A Thought on Thoughts:

"We are what we think. All that we are arises with our thoughts. With our thoughts, we make the world". - Buddha

Sunday, July 24, 2011

Why did I (we) do it??? Pt 2

Stating the obvious again, this is part 2


So, I'm in India doing an Internship which seems to have ruined my life! 
I finally get internet and log on to [facebook]
after reading several messages about how 'good I put it down', I quickly realize that this is NOT my facebook, but the facebook of the man boy I am supposed to be in a relationship with.
Message after message from girls whom have "experienced" him recently...IN MY APARTMENT!
Wait, wait, wait....you mean to tell me that this dude not only cheated within 1 month of being in a committed relationship, but he did so in YOUR house, where you pay bills, where your name is on the lease?!??!
Yes! That is exactly what I'm telling you!
What was I to do??? I am in India, literally on the other side of the planet from my apartment, my new laptop, and my blade!
So I'm forced to suck it up and play it cool until my mother can get my keys from this fool!

How could I do it? How could I be trusting enough to leave my keys with a guy that I had been in a relationship with for under 2 months? How could I give him access to my stuff? Why was I even in a relationship???
Truth is, I did what someone in a relationship is supposed to be able to do: trust my partner, be honest, let them in, be vulnerable....
But perhaps I just chose the wrong one to do so with. This guy I a liar...I knew that. He had nothing - no job, no car, not in school, not in the military, no goals, nothing! But I decided that some people have rough starts, and learn to smooth it over in the end. So I tried to care for him, to give him a leg up by helping him get a phone, get a job, get a life! I tried to hard...I tried to help the wrong person.

In all honesty, I would love to feel that "Men aint shit! He's such a dog! They're all the same!" feeling, just so I can feel SOMETHING...anything! But I don't...I see this as an isolated tragedy. They are NOT all the same, he was an ass and  coward - that doesn't mean all men are bad...it just means I chose a bad one =\

Why did I do it?

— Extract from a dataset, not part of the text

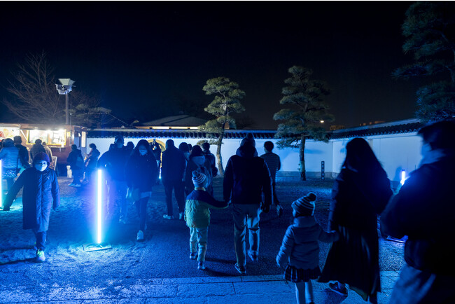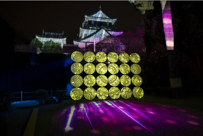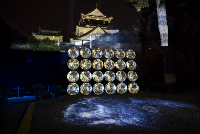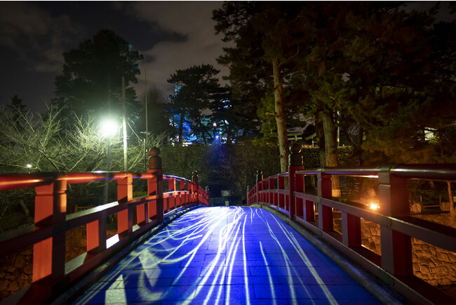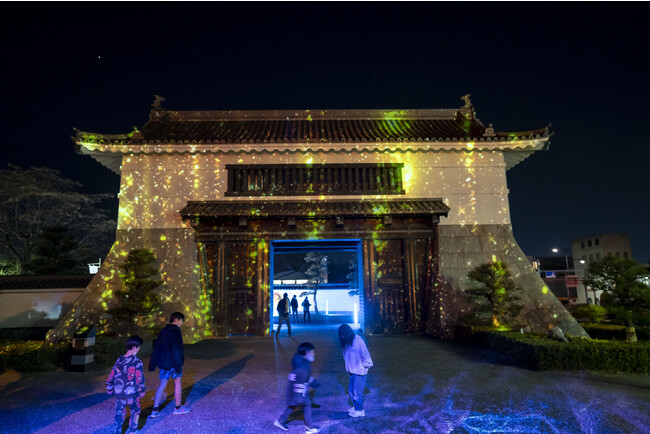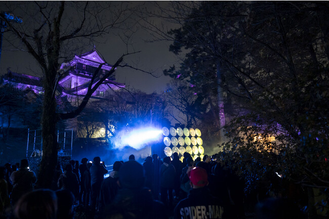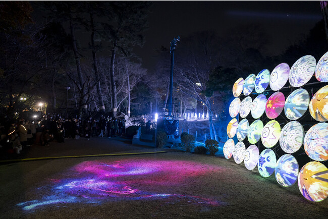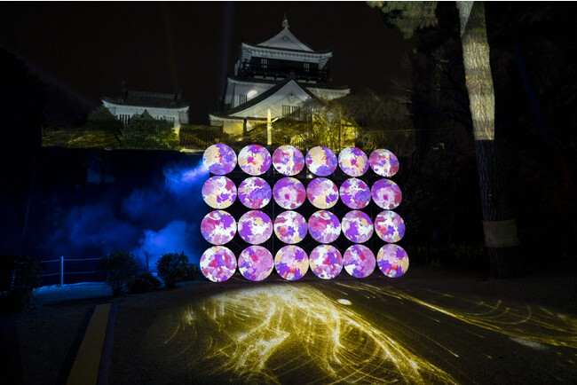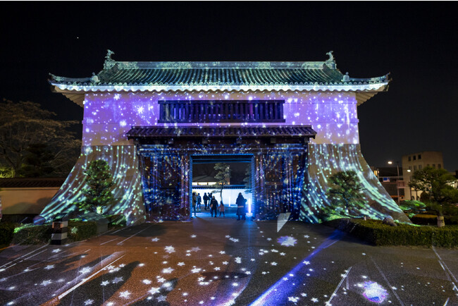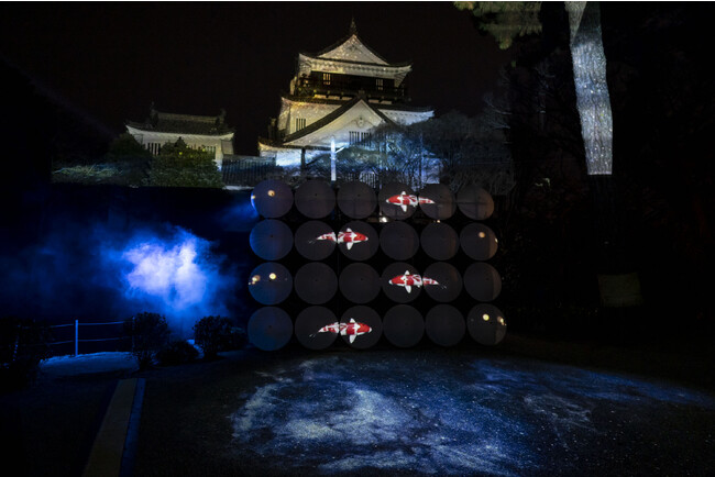 【内容】 徳川家康生誕の地・岡崎城の清海堀沿い約60mにわたる長さ2mのLEDバー39本による光と音の演出と、和傘を組み合わせた幅約6メートル・高さ約4メートルのスクリーンに投影した和柄や冬をモチーフとしたプロジェクションマッピング映像が連動。幻想的な光の空間を創出したほか、岡崎城大手門では華やかなプロジェクションマッピング映像の投影とともに地面に人の動きに反応して映像が変化するインタラクティブコンテンツを投影するなど、岡崎公園内のさまざまなスポットをデジタルライトアップで彩りました。

Because I was trying to open up my heart to someone...because I wanted the experience of a relationship to see what all the hype was about....because its only natural to expect someone is telling you the truth!

I can say it was my first relationship and now I know the signs...and I will try my hardest to not pick another bad one!

Saturday, July 23, 2011

Why did I (we) do it??? Pt 1

This will be the first of 2 blogs...if you couldn't tell from the [Pt 1] in the title.


Okay, so I've never seen the 'Toya: a Family affair' show before today but somehow I have found myself watching a marathon! As I'm watching, one of her brothers [Casey] has an argument with the mother of his child [Gay Gay]. Gay Gay is a college student who works full time, and has found herself pregnant by Casey, currently unemployed and un-enrolled in school. My aunt - who is to blame for me watching this marathon - poses the question: "Why do these girls do that? Good girls go out here and get involved with these guys who have nothing going for themselves!"   I pause. given my recent situation in which I did EXACTLY that, I really had to evaluate my motivation behind it. Why did I decide that for my first relationship, I would decide to be with a man boy with no job, no potential, not in school, nothing in common with me???? 
I had to think for a second, then I realized: who would I date in school? What guy at my school would want to be in a relationship while in college? And if they did want to be in a relationship, chances are they are already in one! Secondly, Black guys who reach status seem to completely lose interest in Black women. As soon as they become engineering majors, varsity basketball\football\soccer (whatever) players, or any equivalent, they feel that being with girls of other races is the thing to do - be it as a symbol of status, exploring something new, or just plain preference. Honestly it's hard to find a black guy in school that will be in a relationship with a black girl, but it's damn near impossible to get a guy of another race to date you!!!! I'm gonna blog on this later, but in short - stereotypes and interracial porn have ruined the black woman's chances of being approached by a guy of another race in an academic setting such as college. 
Us girls go through the college phase of just wanting to party, have fun, and be spoiled by guys...but we outgrow that stage before guys do, thus we sit around at our Aunt's houses watching marathons of shows we've never seen before! 

Tired of being squeezed out of the dating pool...somebody throw me a life vest!!!!